Stored dataset items

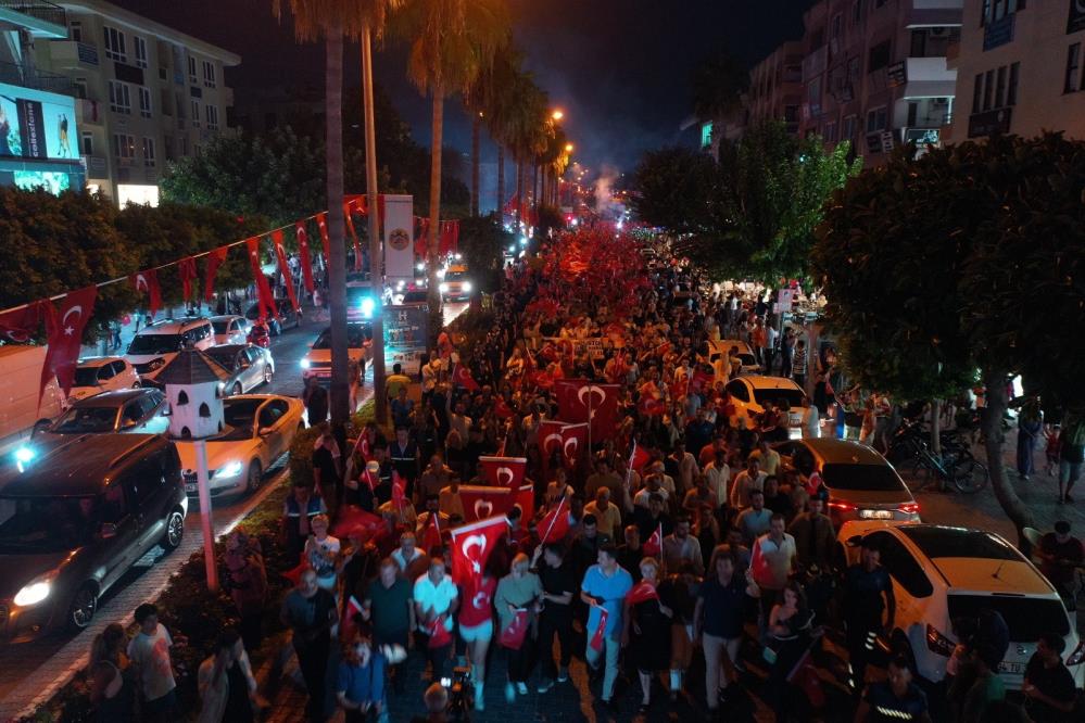 Alanya'da 30 Ağustos Zafer Bayramı’nın 100. yılı coşkuyla kutlandı. Atatürk Heykeli önünde başlayan fener alayında caddeler adeta insan seline döndü. Binlerce insanın katıldığı fener alayına ilçede tatilini yapan yerli ve yabancı turistler de büyük ilgi gösterdi. Yürüyüşün başlamasıyla kaldırımlarda ilerleyen turistler önce cep telefonları ile bu anları kaydetti ardından yürüyüşe dahil oldu. Bazı esnaflar da konfeti ve meşaleler yakarak kutlamalara renk kattı. Belediye binası arkasında son bulan yürüyüşün ardından Emir Can İğrek hayranlarıyla buluştu. Konser öncesi gerçekleşen havai fişek gösterisi büyük beğeni topladı. Binlerce vatandaş İğrek’in şarkılarına eşlik ederek doyasıya eğlendi. Vatandaşların Zafer Bayramını kutlayan Alanya Belediye Başkanı Adem Murat Yücel, “Kurtuluş savaşını sona erdiren büyük taarruz zaferinin 100. yıldönümü milletçe idrak etmenin mutluluk ve gururunu yaşıyoruz. Malazgirt zaferiyle doğduğumuz bu topraklarda büyük taarruzlarla doğrulmayı başardık. Sonsuza kadar da var olmaya and içtik" dedi.
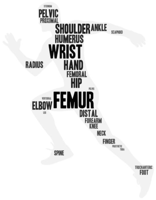 Almost all the studies have their own focus on a certain bone part, such as the femur, wrist, shoulder, hip, hand, humerus, elbow, pelvis, ankle, etc. The pool of research on the different types of bones in the human body can be seen in the word cloud diagram in Figure 4. The most popular bone part included in this review paper is the femur, followed by the wrist, and the rest, following the font size in a decreasing manner. As different types of bone have different features, focusing on training and learning on one type of bone has a better performance for algorithms. However, researchers nowadays are inclined to work on finding a more generic model that can work on different parts simultaneously, such as the femur, wrist, shoulder, etc., which detect fractures in the shoulder, wrist, and ankle [29,36,57,61]. The most widely used public radiographic image dataset is MURA, which has 9045 healthy and 5818 unhealthy musculoskeletal X-ray images [29]. These images include the hand, humerus, finger, wrist, elbow, shoulder, and forearm. However, most papers collected datasets from hospitals, such as Chang Gung Memorial Hospital [63], Xi’an Honghui Hospital [58], Seoul National University Bundang Hospital [40], etc. The quantitative range of these datasets is usually from 100 to 100,000.
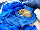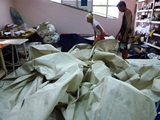 Elle travaille seule dans sa voilerie, malgré son assistant; tous les chats du monde sont des fainéants! |
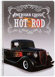 | Ученическата тетрадка Hot Rod на  Black & White  е с красив дизайн на класически коли, който ще внесе настроение в учебните часове на децата.   Характеристики:   широки редове;  брой листове: 80 или 105;  формат: A4 (20 x 29 cm);  корица: картонена с гланц, 290 g/m 2;  хартия: офсетова (бяла), 70 g/m 2;  с полета;  със спирала.    Важно!  Продуктът се предлага с различни дизайни на корицата. При поръчка ще получите дизайн на случаен принцип. ...  |
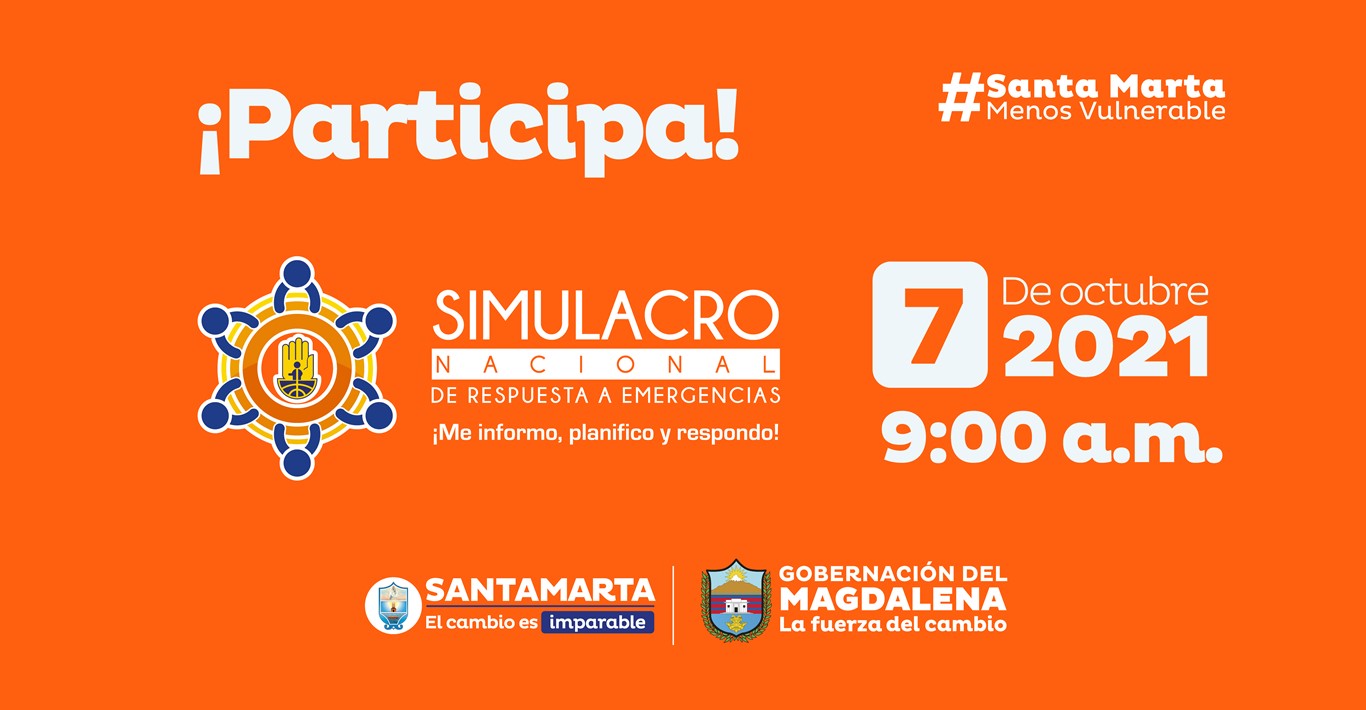 Por instrucciones de la alcaldesa Virna Johnson y del gobernador del departamento del Magdalena, Carlos Caicedo, las Oficinas para la Gestión del Riesgo y el Cambio Climático de Santa Marta (Ogricc) y la Oficina para la Gestión del Riesgo de Desastres del Magdalena (Ogerd), aunarán esfuerzos institucionales para la coordinación del Simulacro Nacional de Respuesta a Emergencias a desarrollarse el próximo jueves 7 de octubre a partir de las 9:00 de la mañana.
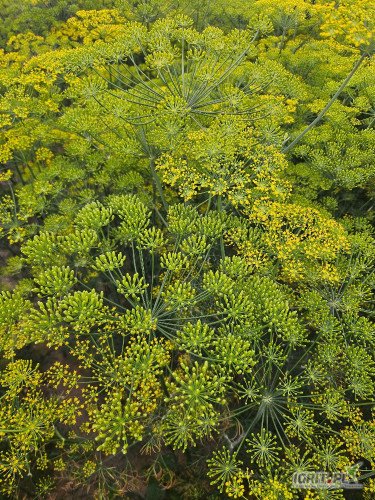OpisKoper z ziarnem, z kwiatem.
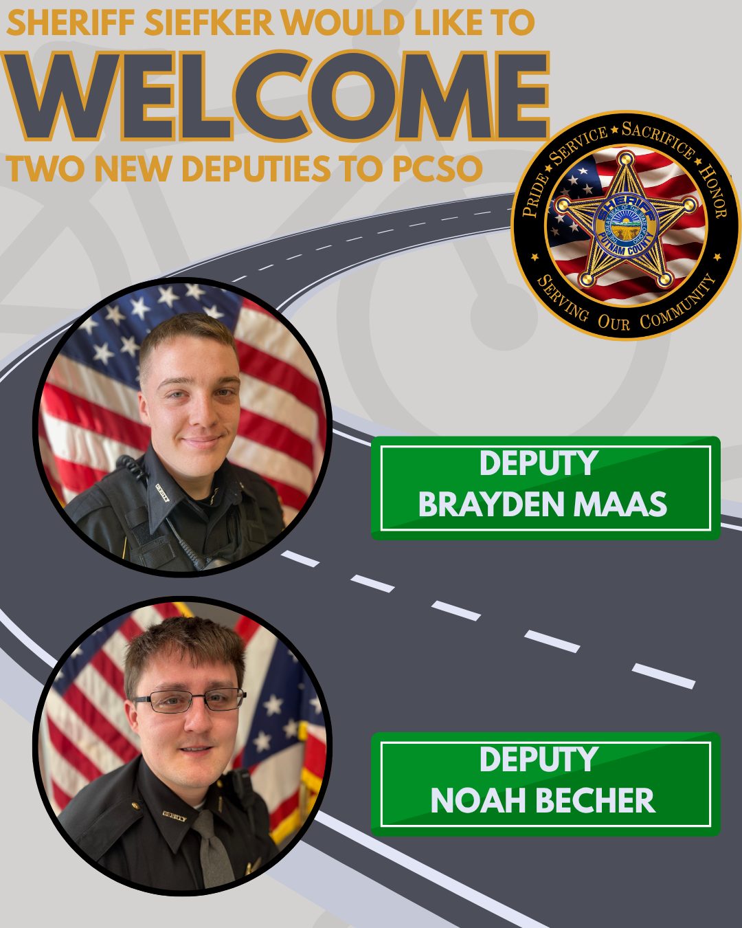 Sheriff Brian Siefker shared a post on Facebook welcoming Deputies Brayden Maas and Noah Becher to the sheriff’s office.
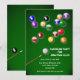 En perfekt inbjudan för alla biljardfester. Kortet är lätt att anpassa med din text, teckensnitt, typsnittsfärg, pappersform och val av sex papperssorter.
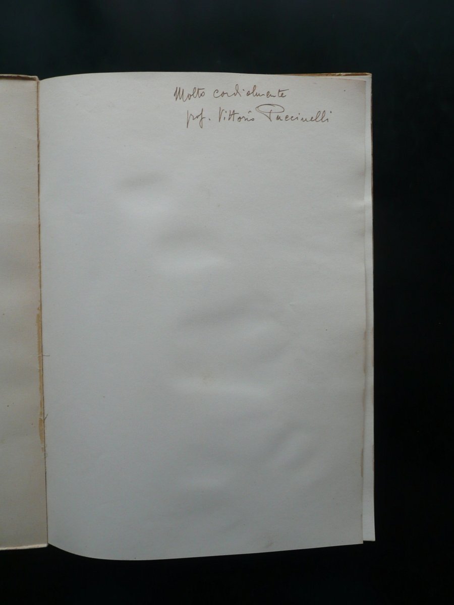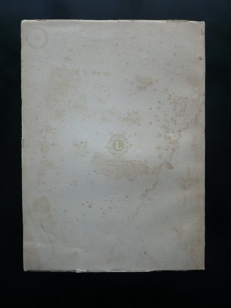 Giuseppe Ravegnani, Rievocazione di Filippo de Pisis Ferrara - Casa Romei - 15 giugno 1958 Lions Club di Ferrara (a cura del), Ferrara 1958, cm 33x24, pp. 33 con alcune belle ill. in b/n f. t.; brossura ed. ill. a colori. Contropiatti entrambi con timbretto - ex libris del precedente proprietario. Prima bianca con dedica autografa del Prof. Vittorio Puccinelli al margine sup. Condizioni di conservazione Esemplare in buone condizioni con tracce d'uso; brossure con alcuni piccoli lievi aloni e bruniture, qualche gora di vecchia umidità che non interessa le pagine; margini e angoli con alcuni minimi difetti e strappetti. Interni buoni; pp. 32-33 leggermente aperte al dorso, esemplare compatto. Edizione fuori commercio a cura del Lions Club di Ferrara. SETT89.L8210 N
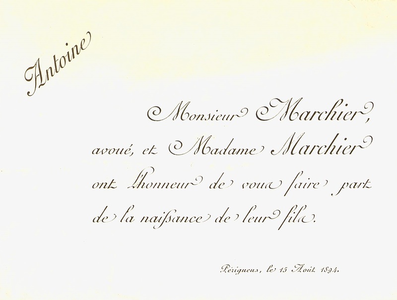 - Faire-part de naissance d'Antoine Marchier par ses parents.

(How to complete this task): In the records above, find the line containing "Sheriff Brian Siefker", then write out exactly that line and every later one through the last, omitting pictures.

(Reply to the exercise):
 Sheriff Brian Siefker shared a post on Facebook welcoming Deputies Brayden Maas and Noah Becher to the sheriff’s office.
 En perfekt inbjudan för alla biljardfester. Kortet är lätt att anpassa med din text, teckensnitt, typsnittsfärg, pappersform och val av sex papperssorter.
 Giuseppe Ravegnani, Rievocazione di Filippo de Pisis Ferrara - Casa Romei - 15 giugno 1958 Lions Club di Ferrara (a cura del), Ferrara 1958, cm 33x24, pp. 33 con alcune belle ill. in b/n f. t.; brossura ed. ill. a colori. Contropiatti entrambi con timbretto - ex libris del precedente proprietario. Prima bianca con dedica autografa del Prof. Vittorio Puccinelli al margine sup. Condizioni di conservazione Esemplare in buone condizioni con tracce d'uso; brossure con alcuni piccoli lievi aloni e bruniture, qualche gora di vecchia umidità che non interessa le pagine; margini e angoli con alcuni minimi difetti e strappetti. Interni buoni; pp. 32-33 leggermente aperte al dorso, esemplare compatto. Edizione fuori commercio a cura del Lions Club di Ferrara. SETT89.L8210 N
 - Faire-part de naissance d'Antoine Marchier par ses parents.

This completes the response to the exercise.